(Data for processing):
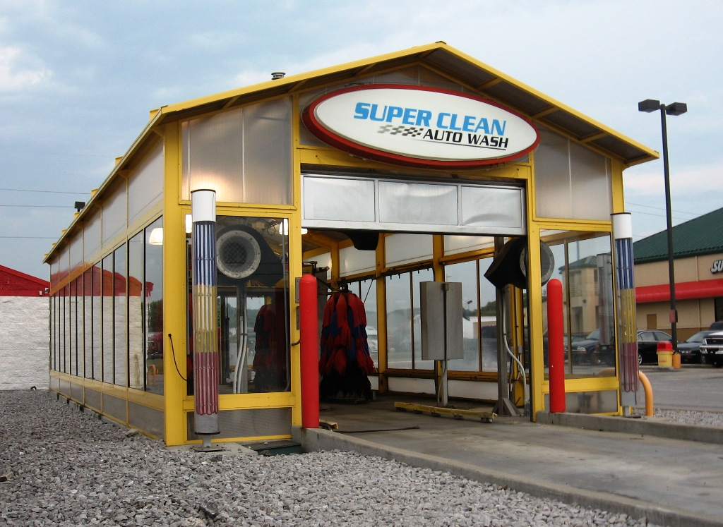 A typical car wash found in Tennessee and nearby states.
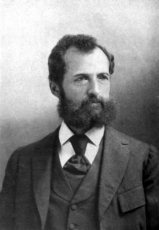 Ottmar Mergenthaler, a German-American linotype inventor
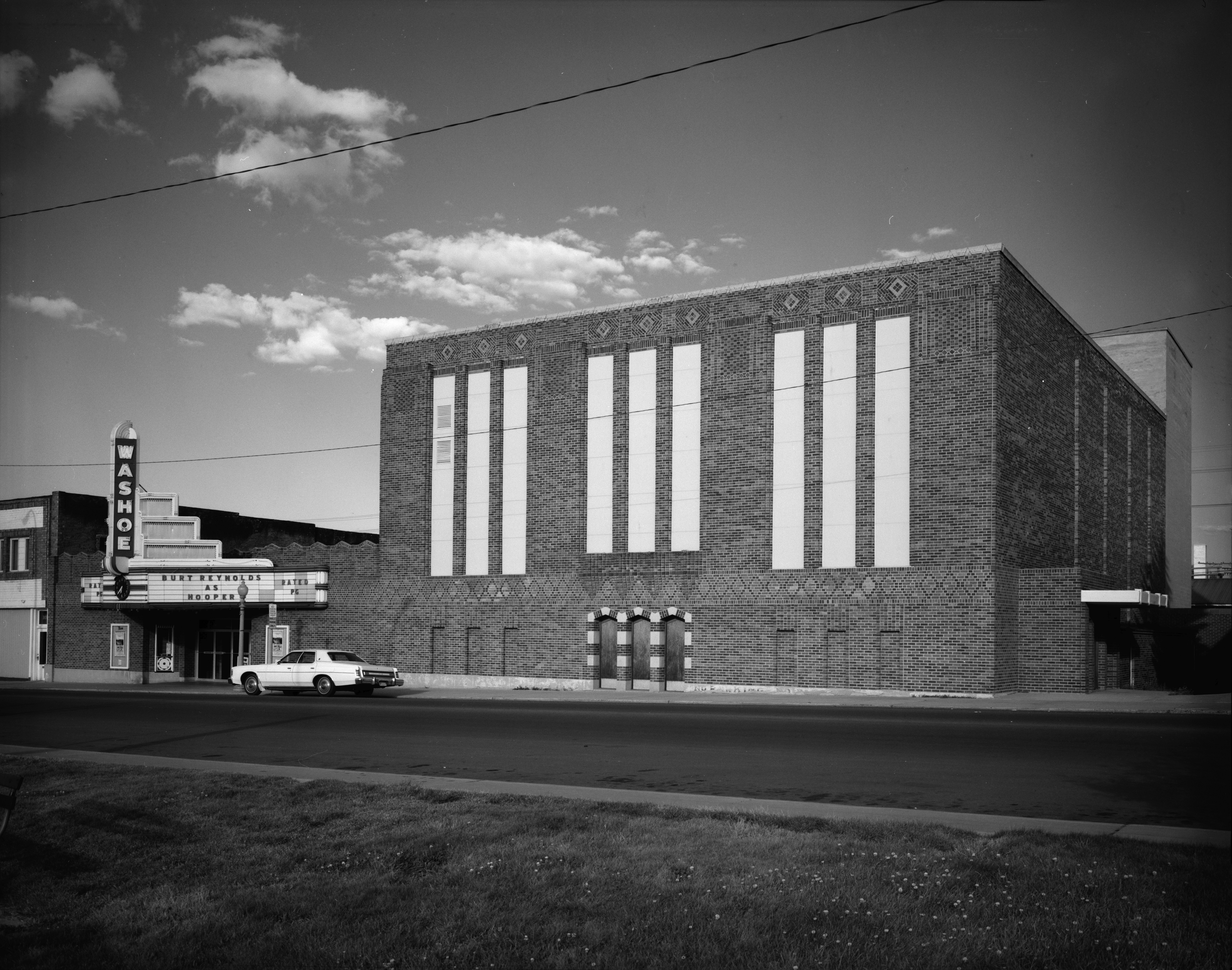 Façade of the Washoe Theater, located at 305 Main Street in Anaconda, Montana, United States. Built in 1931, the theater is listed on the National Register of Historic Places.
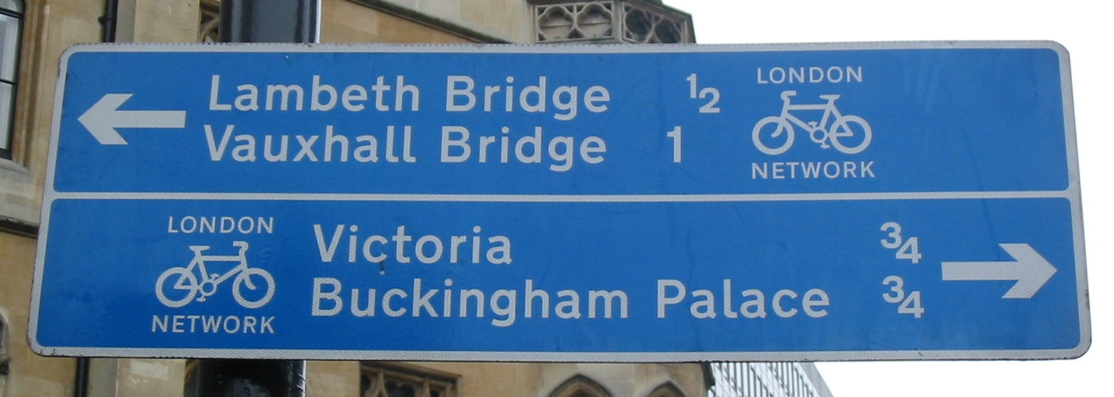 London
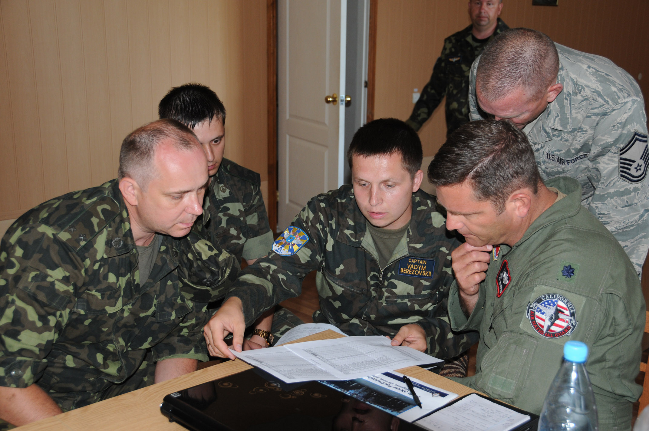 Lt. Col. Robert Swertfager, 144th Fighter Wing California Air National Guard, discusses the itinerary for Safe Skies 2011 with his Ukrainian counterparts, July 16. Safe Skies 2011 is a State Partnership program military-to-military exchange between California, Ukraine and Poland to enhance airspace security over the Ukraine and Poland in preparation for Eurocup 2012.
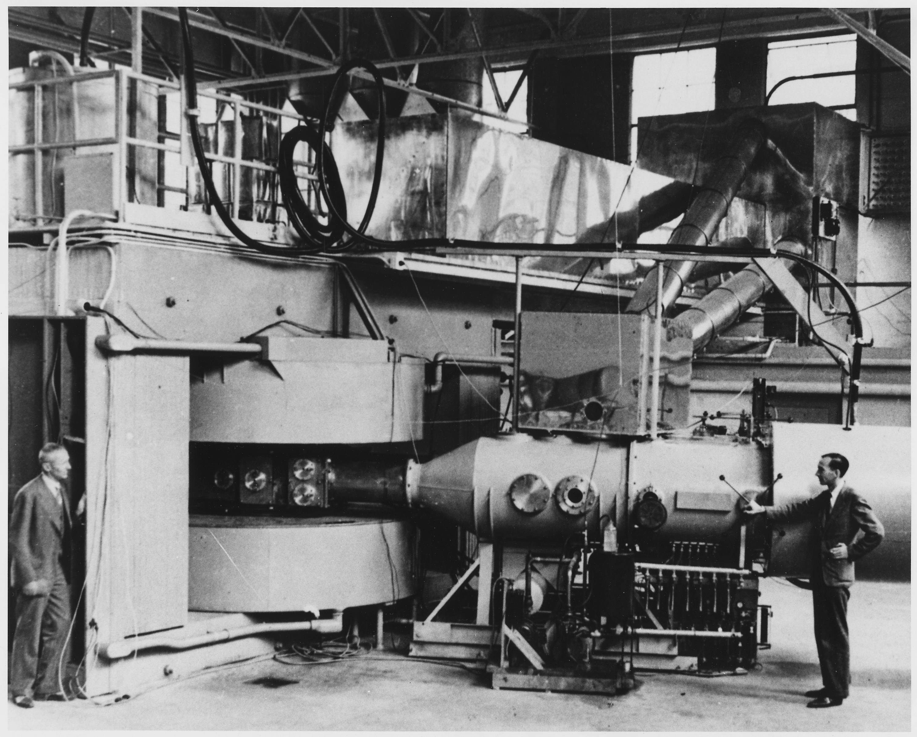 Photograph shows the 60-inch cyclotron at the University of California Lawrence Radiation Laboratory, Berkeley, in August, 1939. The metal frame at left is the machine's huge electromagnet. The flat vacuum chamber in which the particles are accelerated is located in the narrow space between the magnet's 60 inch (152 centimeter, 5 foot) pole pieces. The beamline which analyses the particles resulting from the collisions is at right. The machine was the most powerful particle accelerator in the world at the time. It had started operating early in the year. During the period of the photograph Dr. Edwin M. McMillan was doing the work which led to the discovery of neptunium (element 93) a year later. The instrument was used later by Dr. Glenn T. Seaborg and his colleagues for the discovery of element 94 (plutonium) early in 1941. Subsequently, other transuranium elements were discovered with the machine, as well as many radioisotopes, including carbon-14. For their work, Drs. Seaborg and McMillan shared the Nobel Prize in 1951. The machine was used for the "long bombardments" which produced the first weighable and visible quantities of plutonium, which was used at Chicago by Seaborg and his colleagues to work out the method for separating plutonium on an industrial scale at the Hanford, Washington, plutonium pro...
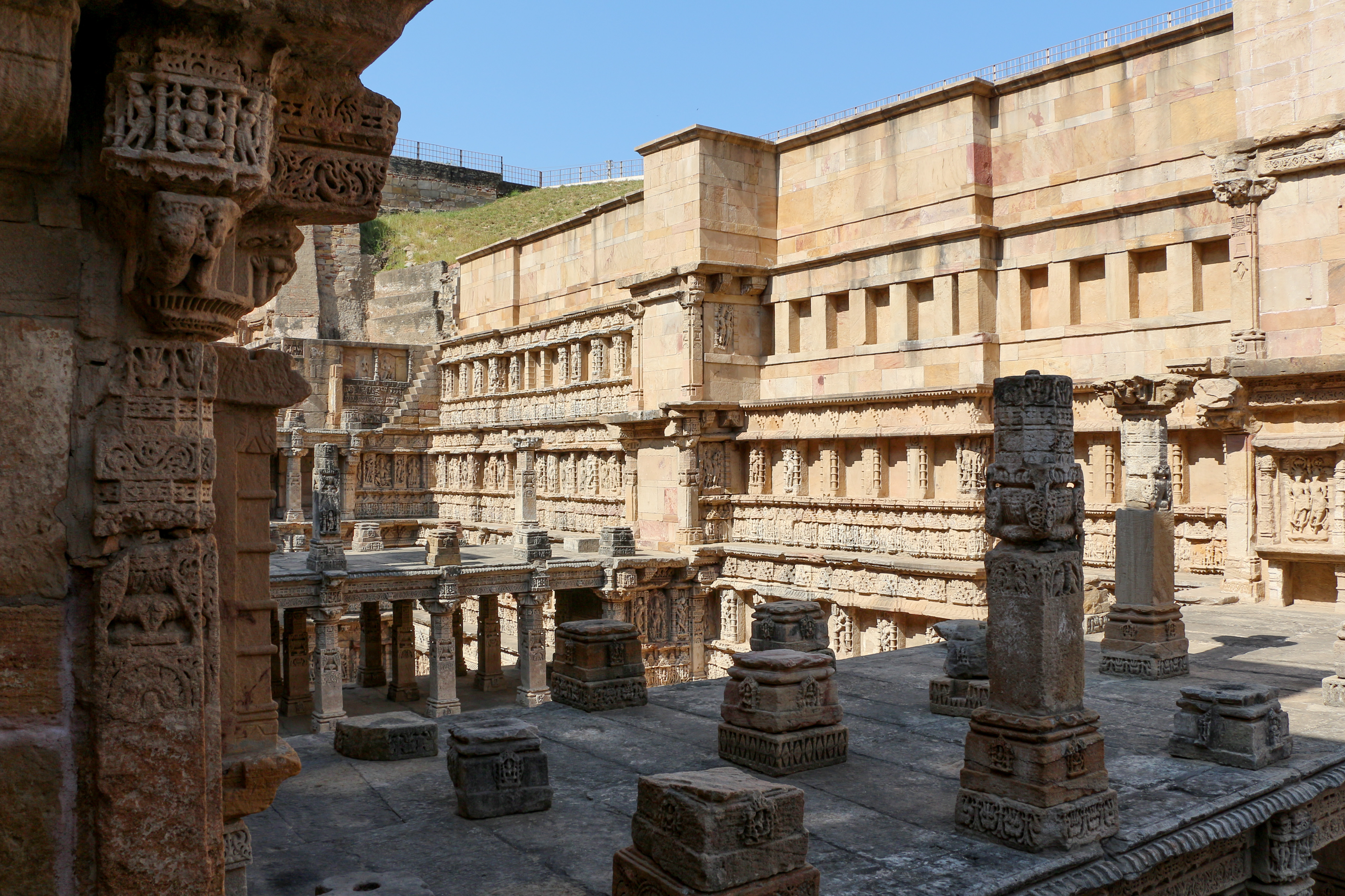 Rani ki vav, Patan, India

(The problem):
A word-for-word copy is needed, starting at the first line of the listing and ending with the line bearing "Lt. Col. Robert". No pictures.

(Problem solution):
 A typical car wash found in Tennessee and nearby states.
 Ottmar Mergenthaler, a German-American linotype inventor
 Façade of the Washoe Theater, located at 305 Main Street in Anaconda, Montana, United States. Built in 1931, the theater is listed on the National Register of Historic Places.
 London
 Lt. Col. Robert Swertfager, 144th Fighter Wing California Air National Guard, discusses the itinerary for Safe Skies 2011 with his Ukrainian counterparts, July 16. Safe Skies 2011 is a State Partnership program military-to-military exchange between California, Ukraine and Poland to enhance airspace security over the Ukraine and Poland in preparation for Eurocup 2012.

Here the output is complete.